MemeStreams | Clustering Billions of Images with Large Scale Nearest Neighbor Search

The proliferation of the web and digital photography have made large scale image collections containing billions of images a reality. Image collections on this scale make performing even the most common and simple computer vision, image processing, and machine learning tasks non-trivial. An example is nearest neighbor search, which not only serves as a fundamental subproblem in many more sophisticated algorithms, but also has direct applications, such as image retrieval and image clustering. In this paper, we address the nearest neighbor problem as the first step towards scalable image processing. We describe a scalable version of an approximate nearest neighbor search algorithm and discuss how it can be used to find near duplicates among over a billion images.

Found via browsing after pointer to Google's Analysis of Disk Failures.

You probably won't pay $19 to read this paper. However, the lead author's thesis covers the same territory:

Spill-tree is designed for approximate knn search. By adapting metric-trees to a more flexible data structure, spill-tree is able to adapt to the distribution of data and it scales well even for huge high-dimensional data sets. Significant efficiency improvement has been observed comparing to LSH (localify sensitive hashing), the state of art approximate knn algorithm. We applied spill-tree to three real-world applications: shot video segmentation, drug activity detection and image clustering, which I will explain in the thesis.

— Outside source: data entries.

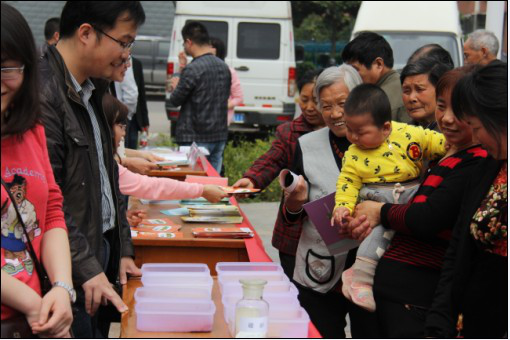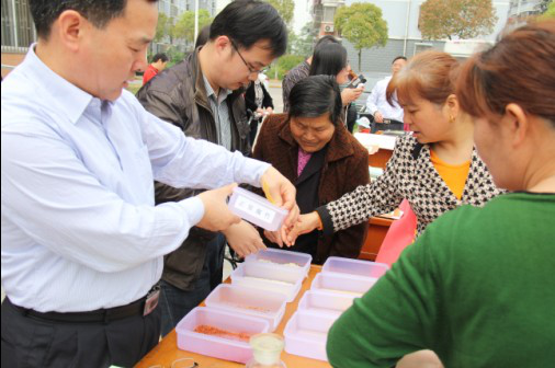 上午10点,党员工作队一行32人来到江宁区谷里街道新民花苑小区广场,大家分工合作,设立展台,布置展板,营造浓郁活动氛围,周边群众很快汇聚过来。党员同志们主动迎上去,一边发放食品安全主题海报、科普折页、宣传袋册,一边做详细讲解;食品安全专家与群众面对面交流,解疑答惑,气氛热烈;青年党员着力宣传中心微博、微信提供的食品安全信息资讯,倡导公众形成健康饮食方式。现场共发放各类食品安全相关主题宣传材料500余份,接待群众咨询近50人次,取得满意效果。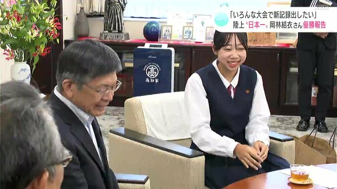 8月に開催された全日本中学校陸上競技選手権大会の、女子100mで優勝した岡林結衣(おかばやし・ゆい)さんが、高知市長に優勝を報告しました。高知市役所を訪問したのは高知市の大津中学校2年生=岡林結衣さんです…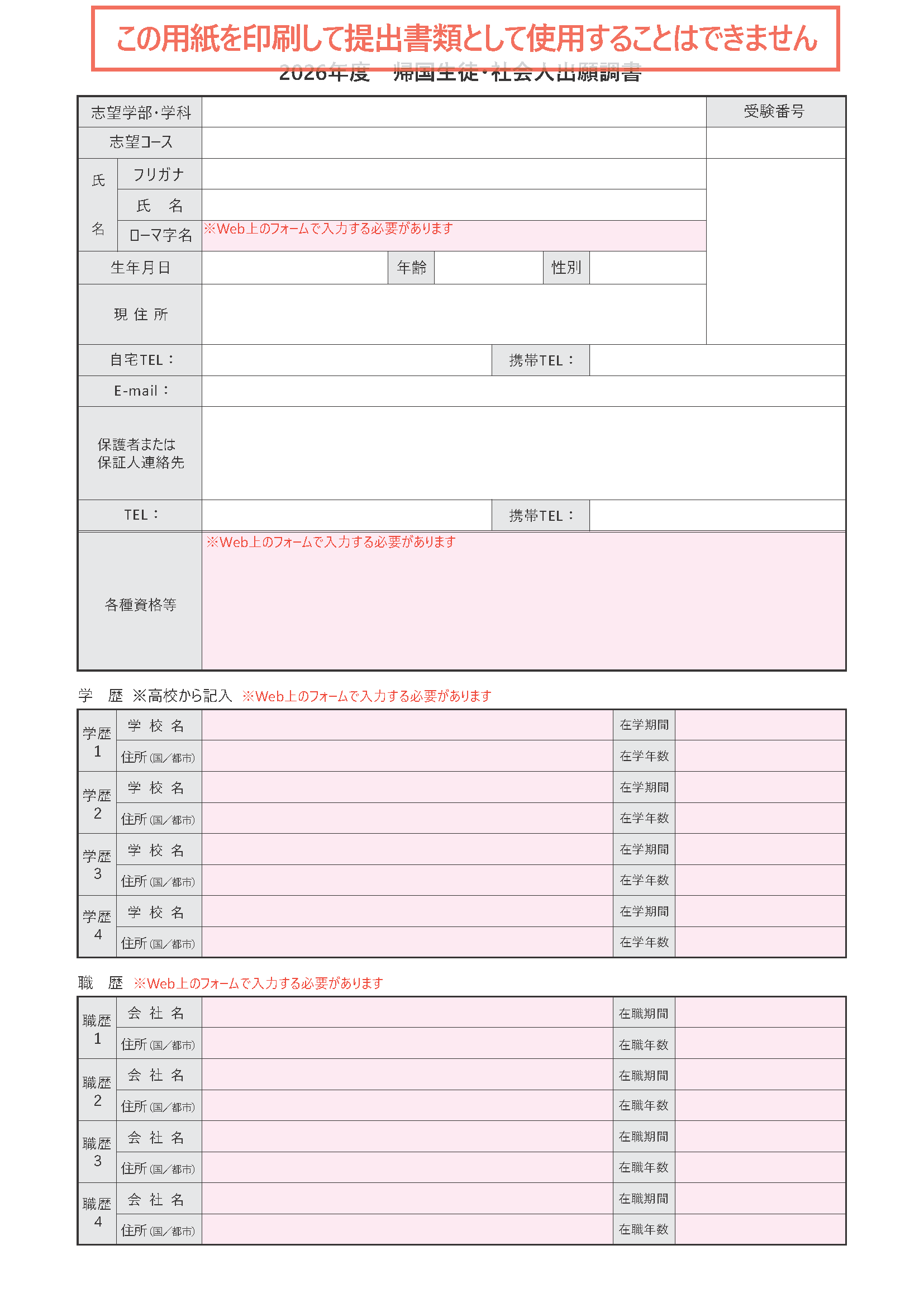 帰国生徒・社会人出願調書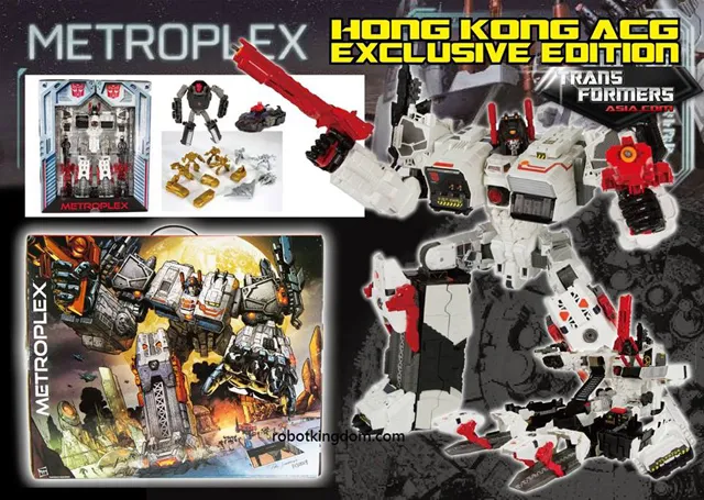 Transformers Generations Titan Metroplex Hong Kong ACG-Con Exclusive is exclusive to the Animation Comic Game Convention held in Hong Kong in 2013. This version of Titan Class Metroplex is almost identical to the SDCC version, except it includes the gold and silver colored decoy figures. Figure features chromed parts and two guns which is an improvement on the original release of Transformers Generations Titan Metroplex.

Her lab page also offers additional resources, including a survey of approximate nearest-neighbor algorithms and a more recent study on autonomous visualization. That's more for the life sciences, but still quite interesting.

Note that the now-at-Google Ting Liu is not to be confused with the Ting Liu at Princeton, who interned with Kevin Fall at Intel Research in Berkeley. She works on DTNs in sensor networks.

One of the other co-authors, Henry Rowley, has recently directly addressed the question of the day; well, that's overstating it, but this is likely (part of) the technology behind SafeSearch. (He's also on his way to breaking the hot-or-not captcha.)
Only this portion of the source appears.